**WHAT TO PRODUCE:**
Every entry below should be printed exactly, without its images.
*** Begin section ***
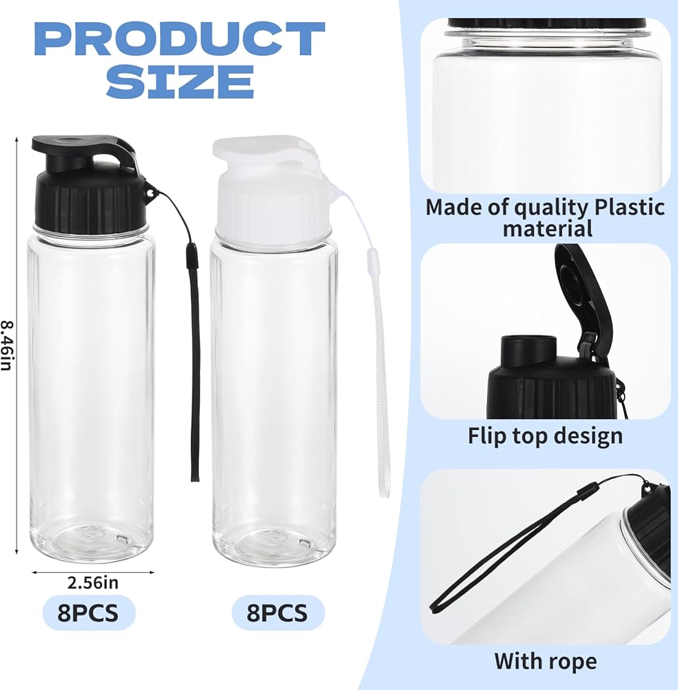 كمية كبيرة وسعة مثالية: تأتي مع 16 زجاجة مياه قابلة لإعادة الاستخدام (8 بيضاء + 8 سوداء)، يبلغ قياس كل منها حوالي 8.5 بوصة × 2.6 بوصة وتتسع لـ 17 أونصة/500 مل. مثالي للعائلات أو الفرق أو المكاتب أو المناسبات، مما يضمن حصولك دائمًا على زجاجة جاهزة للترطيب في أي مكان تذهب إليه
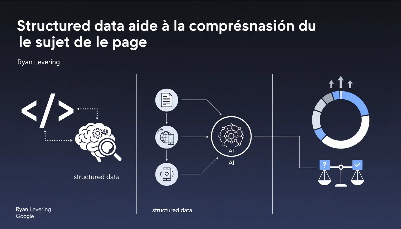 - Les données structurées alimentent le modèle de compréhension, pas seulement l'affichage des résultats enrichis.
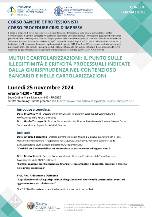 Mutui e cartolarizzazioni-convegno e webinar Odcec a Firenze il 25/11/2024
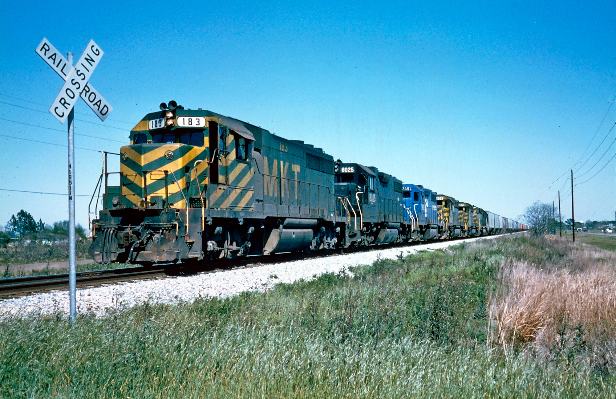 Katy GP40 #183, Conrail GP38-2 #8025 and GP38 #7851, and three other MKT units lead a general manifest between Taylor and Temple, Texas, circa 1983. Mike Bledsoe photo. American-Rails.com collection.The 645's most prominent difference was simply its size; the larger cylinder bore, 9 ½ inches, increased the individual cylinder displacement by a total of 78 cubic inches, from 567 to 645 cubic inches. The new engine could also be aspirated by either a Roots Blower or turocharger.
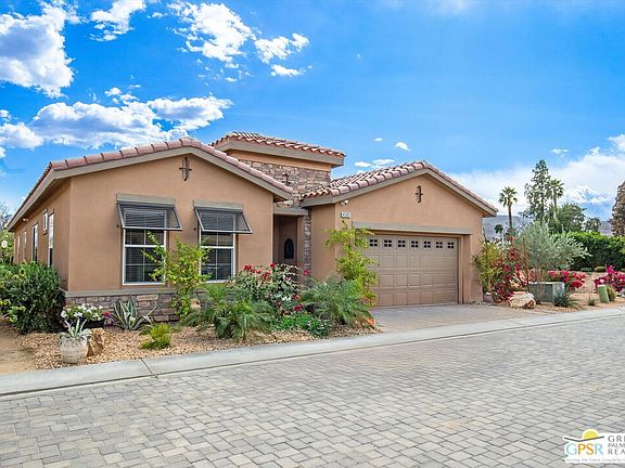 A premier quiet end/corner location inside the highly desirable Villa Portofino 55 plus gated community. Top notch improvements immaculately maintained this large 2,341 sq ft residence has 3 bedrooms plus a den and 3 baths. Gracious flowing open floor plan with pleasing natural light and lush gardens. It enjoys fantastic western mountains and sunset views because of its premium location next to an open community area. You can enjoy views and privacy that are unique within this vibrant community. The spacious home has 10ft ceilings throughout, and a spectacular great room that combines the living room, dining area, and eat-in kitchen into one. The spacious kitchen features shaker-style cabinets with stainless steel appliances, French door refrigerator, gas cooktop and a large prep island with oversized sink, and quartz countertops with breakfast counter and walk in pantry. The great room also opens to a covered south patio via double sliding doors. Located off the main entry is the spacious den or possible fourth flex bedroom, with sliding doors, private patio, and unobstructed western views. The Primary bedroom has south exposure and access to the covered patio. A light filled space, this beautiful room also has a spa-like ensuite bath with dual vanities, luxurious soak tub and walk-in closet. The 2 additional bedrooms are accessed from the entry hall and enjoy a spacious hall bath with shower. Other amenities include custom window treatments with both filtered and blackout shades, full laundry room, double car-attached garage, and cost-saving and eco-friendly solar system too! HOA dues include clubhouse membership, which gives you access to the heated community pool/spa, recreation/fitness facilities, and Bistro restaurant.
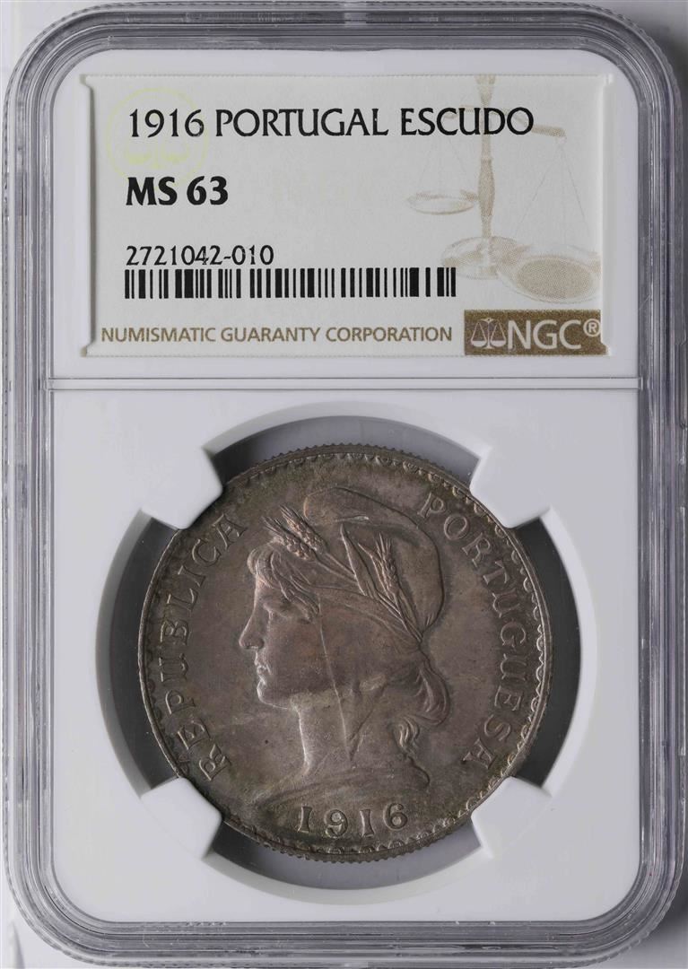 One 1916 Portugal Escudo Coin NGC MS63 Amazing Toning. NGC Certified.
*** End section ***
**RESPONSE TO THE TASK:**
 كمية كبيرة وسعة مثالية: تأتي مع 16 زجاجة مياه قابلة لإعادة الاستخدام (8 بيضاء + 8 سوداء)، يبلغ قياس كل منها حوالي 8.5 بوصة × 2.6 بوصة وتتسع لـ 17 أونصة/500 مل. مثالي للعائلات أو الفرق أو المكاتب أو المناسبات، مما يضمن حصولك دائمًا على زجاجة جاهزة للترطيب في أي مكان تذهب إليه
 - Les données structurées alimentent le modèle de compréhension, pas seulement l'affichage des résultats enrichis.
 Mutui e cartolarizzazioni-convegno e webinar Odcec a Firenze il 25/11/2024
 Katy GP40 #183, Conrail GP38-2 #8025 and GP38 #7851, and three other MKT units lead a general manifest between Taylor and Temple, Texas, circa 1983. Mike Bledsoe photo. American-Rails.com collection.The 645's most prominent difference was simply its size; the larger cylinder bore, 9 ½ inches, increased the individual cylinder displacement by a total of 78 cubic inches, from 567 to 645 cubic inches. The new engine could also be aspirated by either a Roots Blower or turocharger.
 A premier quiet end/corner location inside the highly desirable Villa Portofino 55 plus gated community. Top notch improvements immaculately maintained this large 2,341 sq ft residence has 3 bedrooms plus a den and 3 baths. Gracious flowing open floor plan with pleasing natural light and lush gardens. It enjoys fantastic western mountains and sunset views because of its premium location next to an open community area. You can enjoy views and privacy that are unique within this vibrant community. The spacious home has 10ft ceilings throughout, and a spectacular great room that combines the living room, dining area, and eat-in kitchen into one. The spacious kitchen features shaker-style cabinets with stainless steel appliances, French door refrigerator, gas cooktop and a large prep island with oversized sink, and quartz countertops with breakfast counter and walk in pantry. The great room also opens to a covered south patio via double sliding doors. Located off the main entry is the spacious den or possible fourth flex bedroom, with sliding doors, private patio, and unobstructed western views. The Primary bedroom has south exposure and access to the covered patio. A light filled space, this beautiful room also has a spa-like ensuite bath with dual vanities, luxurious soak tub and walk-in closet. The 2 additional bedrooms are accessed from the entry hall and enjoy a spacious hall bath with shower. Other amenities include custom window treatments with both filtered and blackout shades, full laundry room, double car-attached garage, and cost-saving and eco-friendly solar system too! HOA dues include clubhouse membership, which gives you access to the heated community pool/spa, recreation/fitness facilities, and Bistro restaurant.
 One 1916 Portugal Escudo Coin NGC MS63 Amazing Toning. NGC Certified.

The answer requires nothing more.